Twenty-four hours later I was on a 767 from Boston's Logan Airport to Heathrow in London, and ultimately on to Dubai, courtesy of my father's owner in Dubai.

The trip was a blur. I didn't know what to expect. I knew my father had a T-12 burst fracture (broken back), and a shattered pelvis. Calling friends for advice with regard to what all of this meant, my one close friend from college who had become an urgency room physician seemed more implicated by the pelvis injury and all of the complications that arise from those.

The only time my attention was jarred away from these thoughts was two-thirds of the way straight through the leg of the seven-hour flight from Heathrow to Dubai. Sitting in the back coach section of the wide-body Airbus, watching Bollywood movies spoken and sung in Hindi with Arabic sub-titles, I noticed that suddenly almost three quarters of the plane stood up and headed to the rest rooms.

One-by-one, these passengers entered the lavatories as sharp-dressed Westerners of Arab decent, and exited as full-blown Arabs: men in their traditional Thoubs and women in their head-covering Hejabs.

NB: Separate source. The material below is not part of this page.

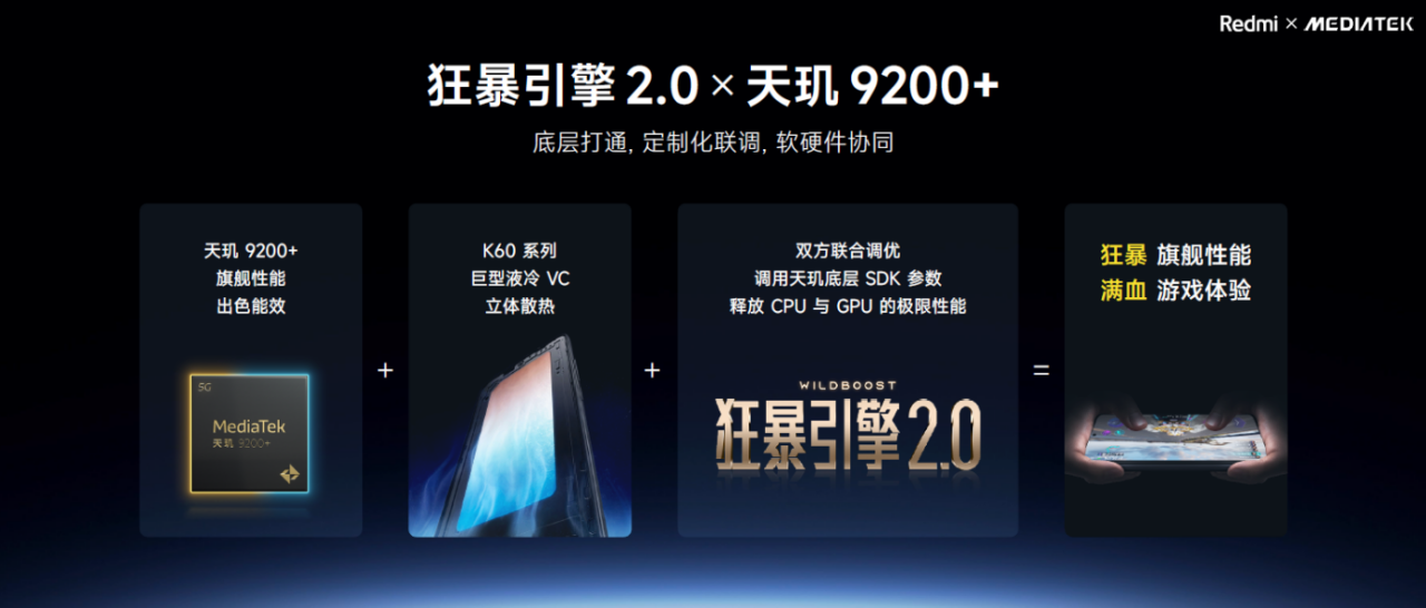 为充分释放天玑9200+旗舰性能, 双方团队早在1年前就定下了底层打通的协同共创开发模式,并将天玑9200+的底层接口资源开放给了Redmi 研发团队。借助天玑开放的接口,双方在软硬件技术上实现了高度的开放与协同,使得狂暴引擎2.0可以深度调用天玑9200+旗舰芯的底层SDK参数,充分释放CPU、GPU的极限性能。通过软硬件协同合作,狂暴引擎2.0在天玑9200+上实现了功能的全面落地,助力Redmi K60至尊版的性能和游戏表现更为强悍。

Six hours later, after contending with immigration officials with regard to a visa application that had not been filed straight through the exact channels, and studying the ins and outs of jostling for position in a "line," I was standing in the apartment my father had busy for the past few months. I breathed a sigh of relief.

Culture here was very dissimilar from back home in the States. In the three lines I had to wait in to remedy the visa issues, there was never a line, per se; masses of men pushed towards the windows behind which were the people we all needed to see. Women may have been technically allowed in these lines, but you never saw any. There was very tiny space in the middle of all of us pushing towards the window, but pushing was never allowed. I found this out when I shouldered my way into a space. Three men erupted in Arabic, chastising what I had done...I think. What I took time to observed was very deft footwork, where the men would see a gap in the group and slyly slip their way closer to the window, all without touching anything else.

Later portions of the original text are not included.